Les Dursley, pourtant invités, n’avaient pas fait le déplacement, complètement indifférents à la mort de leur neveu. Si au moins il avait été enterré à l’Eglise, peut-être auraient-ils fait un effort… mais de toute façon, pour eux, ce mécréant dégénéré ne le méritait pas, son âme était damnée.
Les principaux amis du défunt avaient survécus et se retrouvèrent donc tous dans une salle aux ornementations funèbres. Le premier ministre y alla de son petit speech puis laissa les convives se débrouiller. La réception ne traina pas en longueur, chacun préférant digérer ces dernières heures tranquillement, dans l’intimité. Un groupe d’adolescents en particulier se dirigea vers la sortie une heure à peine après être arrivés, ils avaient déjà assez donné. Ils marchèrent en silence jusqu’à la zone de transplanage.
- On se retrouve tous au Terrier ? Demanda soudain Ron, brisant le silence.
Les autres acquiescèrent et tous disparurent à tour de rôle.
M. et Mme Weasley étaient encore au Ministère, ils devraient y rester tant que le ministre y serait, aussi la maison était-elle vide.
- Tu viens Ron, on va chercher à boire. Décréta Ginny quand ils furent tous au salon.
- J’arrive.
La guerre était terminée depuis 2 semaines et Harry, plongé dans le coma, mort au début de la deuxième. Ils étaient tous fatigués et tristes, l’Elu n’ayant pas été le seul à mourir. Ginny et Ron revinrent avec des bièreaubeurre et du whisky pur feu. La jeune rousse se blottit contre Drago qui passa son bras autour de ses épaules. Ron en fit autant avec Hermione qui l’avait enfin laissé prendre la place à laquelle il aspirait depuis si longtemps. Ils discutèrent, évoquant des souvenirs heureux, puis doucement, les conversations se tarirent et ceux qui ne logeaient pas là rentrèrent chez eux.

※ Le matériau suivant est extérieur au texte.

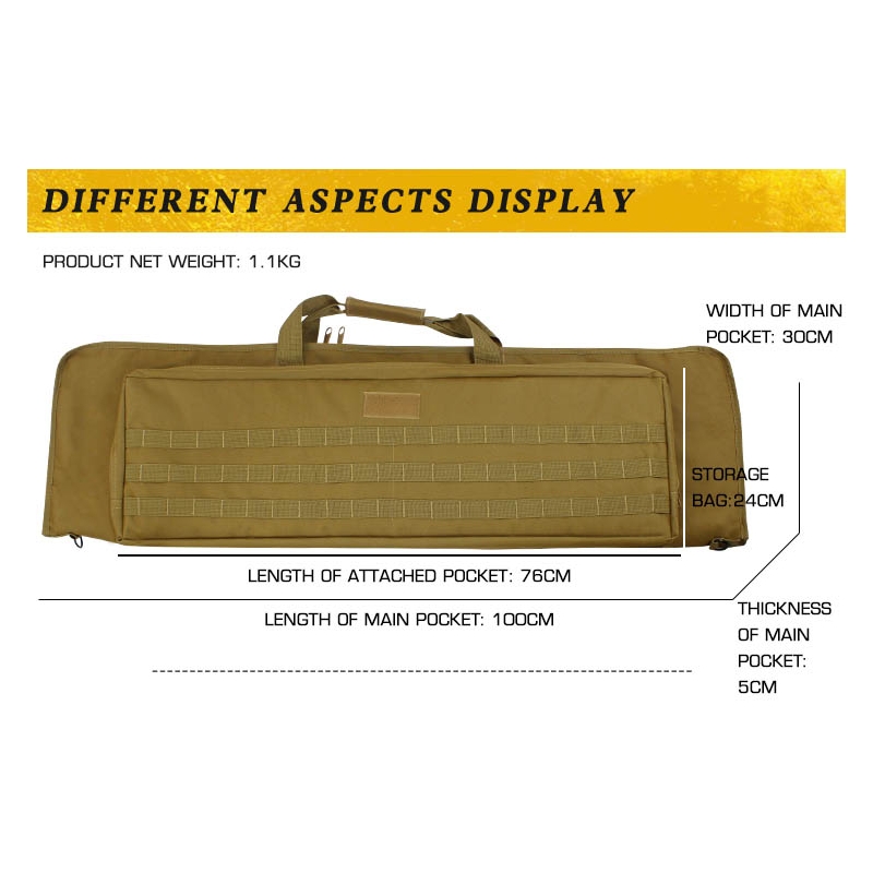 The bag is made from durable Oxford 900D fabric, which provides good resistance to abrasion and moisture. The main compartment measuring 100 × 30 × 5 cm fits M4-type rifles, HK416, MK18 and other similar platforms. The second, smaller pocket measuring 76 × 24 × 6 cm includes loops and compartments for magazines or accessories. Inside the main compartment the rifle can be secured using hook-and-loop straps with MAGIC FASTENER. Handling is made easier by a padded carry handle and a shoulder strap with a soft pad. External MOLLE panels allow you to attach additional pouches and equipment as needed. The bag meets legal requirements stating that a firearm must not be visibly carried in public.

Molly et Arthur revinrent et rapidement, tous se mirent à table, l’atmosphère était morose, aussi le diner ne s’éternisa pas.

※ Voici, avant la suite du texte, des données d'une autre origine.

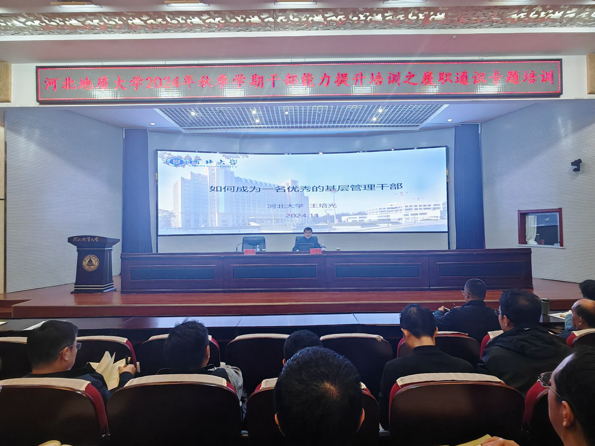 为深入贯彻落实党的二十届三中全会精神,学习贯彻习近平总书记在全国教育大会上的重要讲话和全国教育大会精神,提升beat365干部的政治素养和履职能力,11月21日下午,beat365在春秋讲堂举办秋季学期干部能力提升培训之履职通识专题培训。会议邀请河北大学原党委副书记、副校长、博士生导师王培光教授进行专题授课。校党委书记和志强主持培训会。

Le blond vivait au Terrier en attendant son procès, car, bien qu’il ait rejoint l’Ordre et que cela fut déterminant lors de la bataille finale, il était un Mangemort et l’appui du clan Weasley contribuerait à faire pencher la balance. Ses parents faisaient de même au manoir.
- J’en peux plus ! Gémit Ginny. Je monte, tu me rejoins ?
- Dans quelques minutes. Répondit Drago plantant un bisou sur la pommette parsemée de tâches de rousseur.
La jeune fille sourit et disparut dans les escaliers.
- J’vais prendre une douche. Annonça Ron. Bonne nuit !
- C’est ça à demain.
Il ne resta plus que Drago et Hermione. Cette dernière semblait nerveuse. D’un signe de tête, elle fit lui comprendre de la suivre dans le jardin. Une fois dehors, ils marchèrent quelques minutes en silence, puis elle se mit à parler.
- Je… j’ai fais une découverte à propos d’Harry. Tu te rappelles quand nous étions à l’hôpital, ce que nous a dit ce médicomage ? Je sais pourquoi. C’est quelque chose d’hallucinant, qu’aucun de nous, qui étions pourtant ses amis, n’avons vus. Je me sens très mal depuis cette découverte, je culpabilise… j’aurais dû comprendre, j’aurais pu l’aider, mais il a tout gardé pour lui.
Elle se tourna vers lui et sorti quelque chose de son sac.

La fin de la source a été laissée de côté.